Department of Medicine Interim Chair Robert Wachter, MD, and Assistant Professor of Clinical Pharmacology Sheri Van Osdol, an expert in outcomes research and leader in patient safety improvement at UCSF, co-led the session. They introduced us to the case of a real patient, who was admitted to UCSF Medical Center’s Benioff Children’s Hospital. The care team accidentally administered a 39-fold dose of Septra to the teenage patient, causing a grand mal seizure. According to firsthand accounts from the staff, the patient, and the patient’s family, the error could be attributed to a poorly designed electronic medical record and breakdown of interprofessional communication.
Small groups of students from each discipline discussed the barriers to interprofessional collaboration and strategized how to minimize the chance of committing such an error again in the future. My group discussed ending the “don’t stop the line” culture. The patient’s nurse was new to the pediatric floor and did not feel comfortable interrupting her colleagues to ask about the medication dosage.

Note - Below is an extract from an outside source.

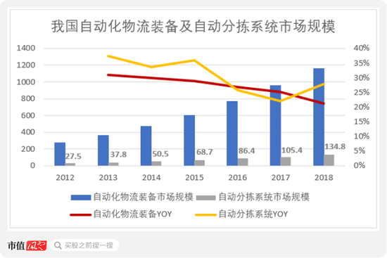 2018年,我国自动化物流装备市场规模为1160亿元。其中,自动分拣系统市场规模为134.8亿元,在自动化物流装备中占比11.62%。

In the first eight weeks of my education at UCSF, I have already had several opportunities to learn from my interprofessional peers. Physical therapy students teach my surface anatomy classes; their expertise brought the dermatomes, myotomes, and physical exam skills to life for me. The October 5th session taught me how nursing departments are structured and about pharmacy robots. I enjoyed meeting my peers from the other schools at UCSF and hearing their perspectives on the case.
Before starting medical school, I worked as a medical assistant for two years. My responsibilities included handing implements to the clinician during office procedures, building a medical history and performing patient education (among other things). I worked closely with physicians, nurses, physician assistants and therapists. I look forward to learning more about how to build teams of health care professionals who can trust each other, communicate well and work cohesively in the joint mission to improve the health and lives of our patients.